Acting: Another mixed bag. Of the trio, Hadley Fraser is probably the most polarizing, and the bottom of the lot for me - too aggressive, too unsympathetic, and by the time he actually comes around to changing and being nicer to Christine, it was too little too late for me sadly. Sierra Boggess is my favorite of the trio and her ‘Wishing’ is without a doubt the standout of the show, but I do find her acting a little stage-y at times. Ramin Karimloo, as with his singing, is extremely emotional, which makes up for the fact that his interpretation is pretty standard and conventional; I just wish he were less violent. However, it’s also a major improvement on his cold, stereotypically autistic Phantom of his London run. He and Boggess have good chemistry, but the downside is that when combined with Fraser’s grumpy Raoul, the show leans heavily towards E/C.
Overall interpretation: Like I’ve said, the show itself is about 90% replica blocking, with most changes being made for the new setting. Having said that, some of those seemingly minor changes, plus the interpretations of the leads, do make the show come off more heavily E/C, and especially it seems to favor a version where Love Never Dies is likely to happen. That’s fine if you like the sequel, or if the rest of the show is good enough to make up for it; for me, I can sometimes tolerate it, but other times find it irritating.
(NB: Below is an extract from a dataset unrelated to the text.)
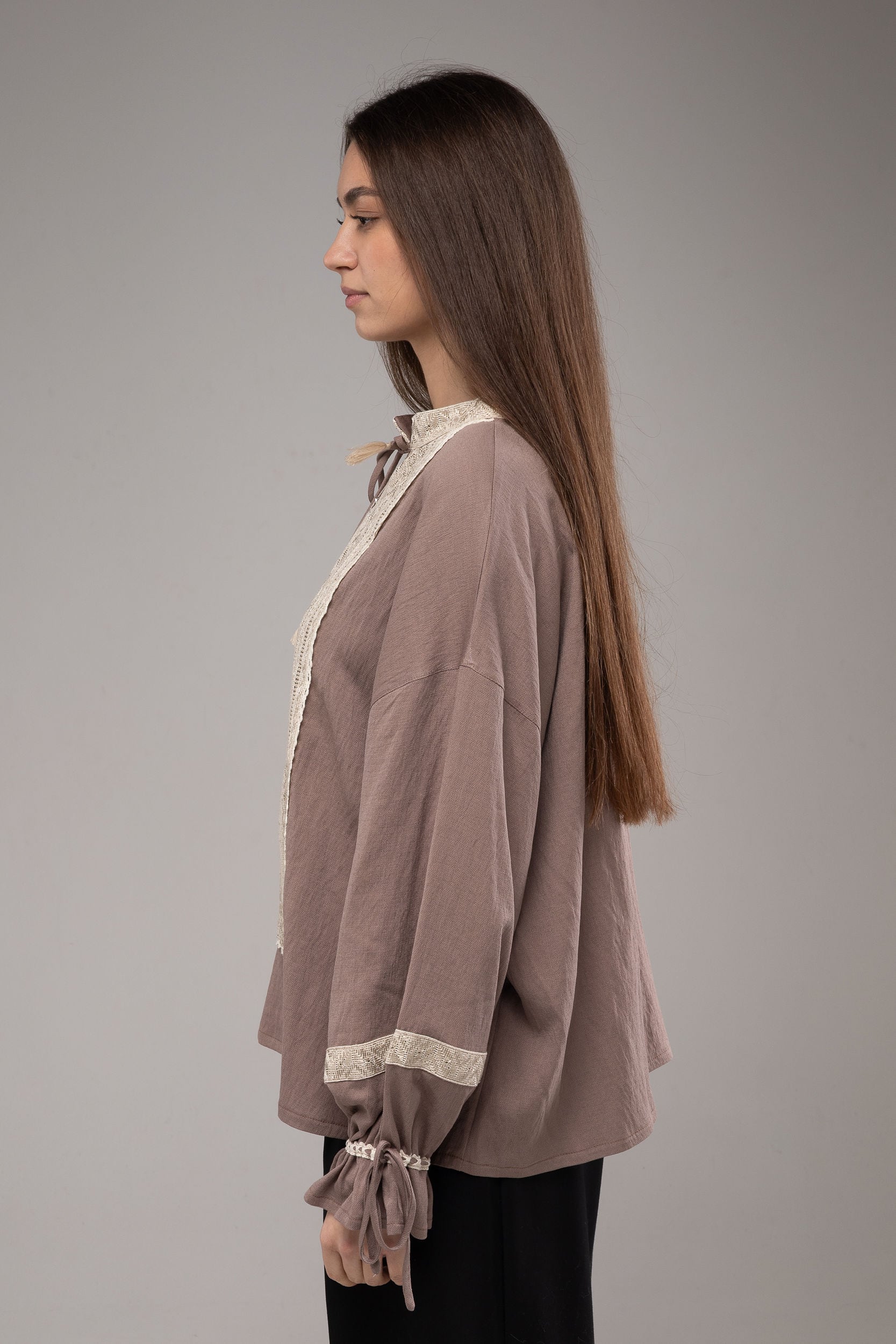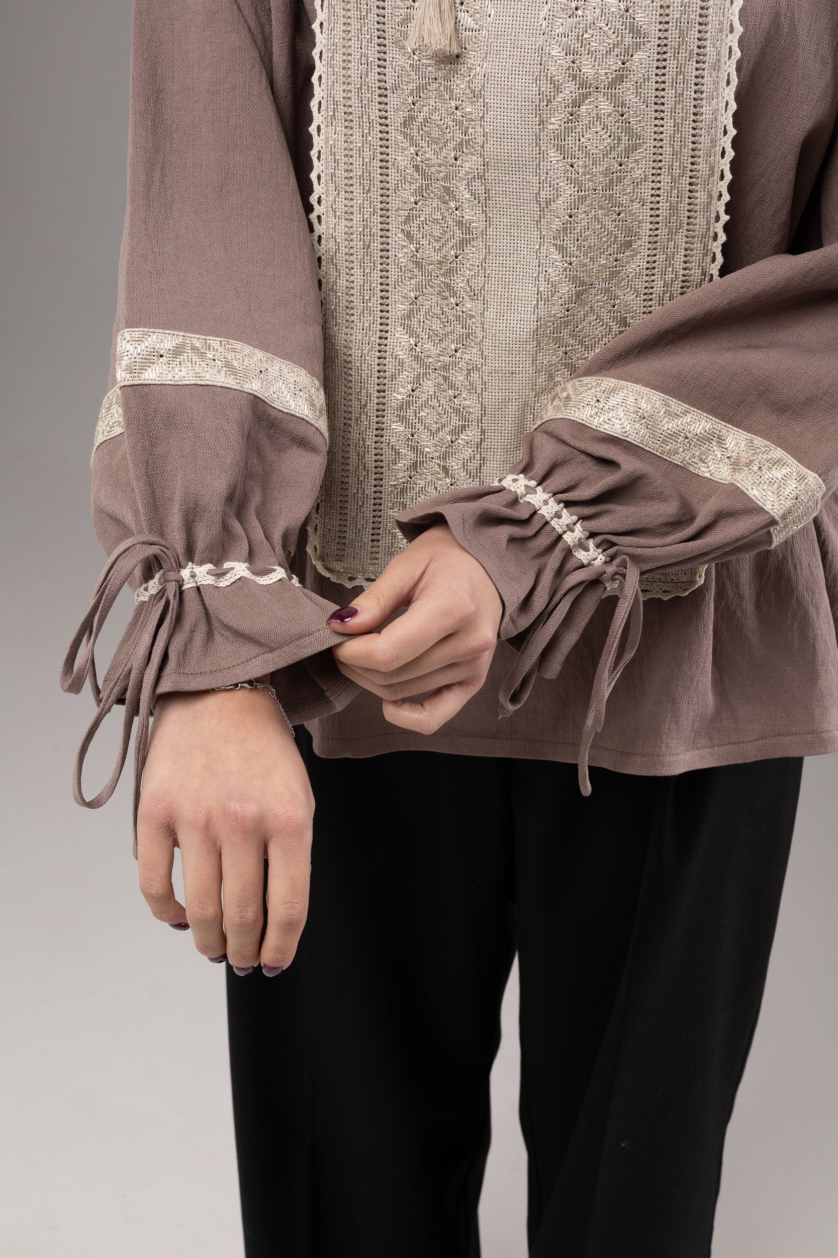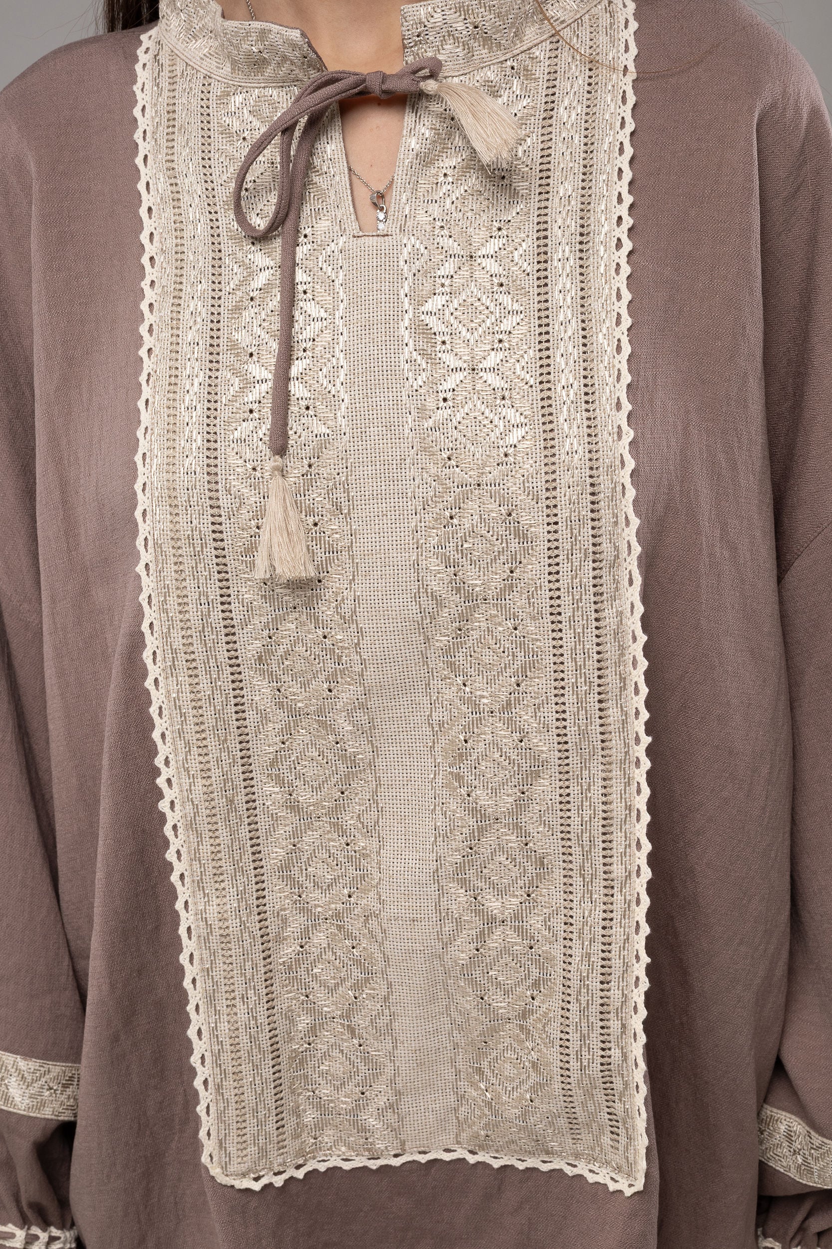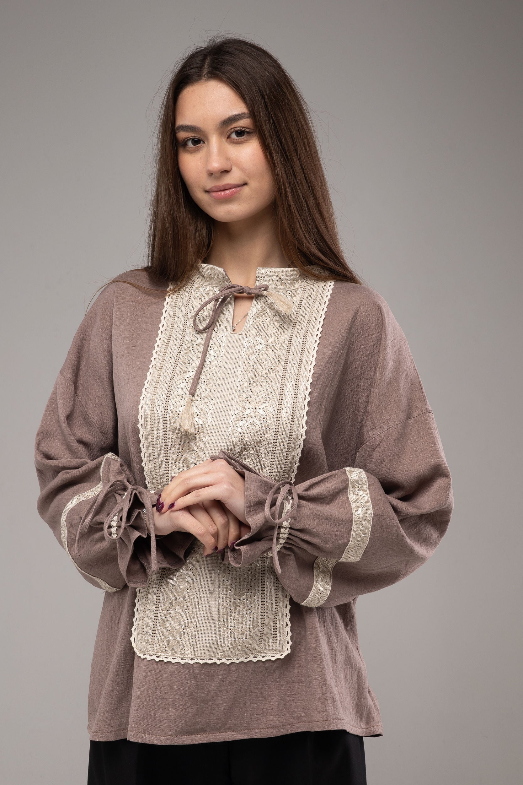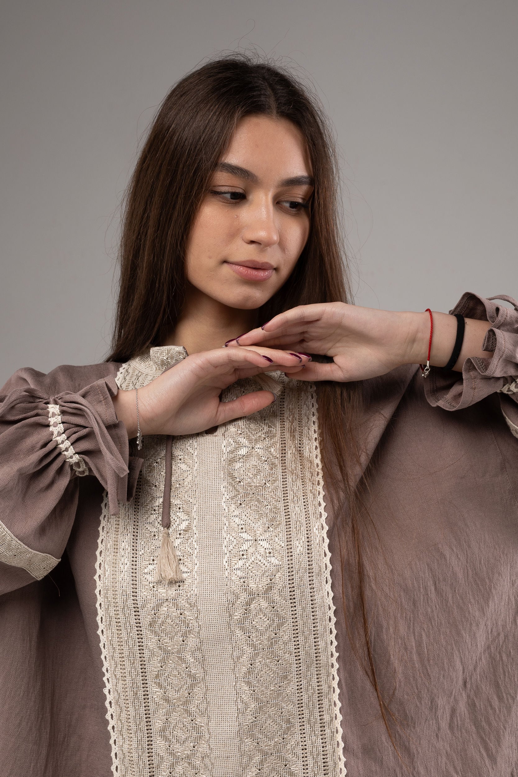 この作品は、ウクライナの伝統と美しさを象徴するヴィシヴァンカの刺繍を採用しています。過度な派手さを追求せず、日本の日常生活に自然に溶け込むデザインとなっております。しかし、それでいて洗練された高級感とカジュアルな雰囲気を両立させ、見る人を魅了する一着となっています。

FINAL GRADE: 7.5/10. A beautifully shot show that stays fairly true to the original musical and with a strong ensemble and supporting cast. However, and just personally, the E/C and LND tendencies, the fact that I don’t care all that much for the three leads, and just how many times I’ve seen it giffed and edited and streamed and talked about so, so much in all my years as a phan, means that it’s kind of lost it’s luster. Still, even if I would be quite happy to never view it again, I would recommend it for the new phan who wants an accessible way to start diving into the stage show.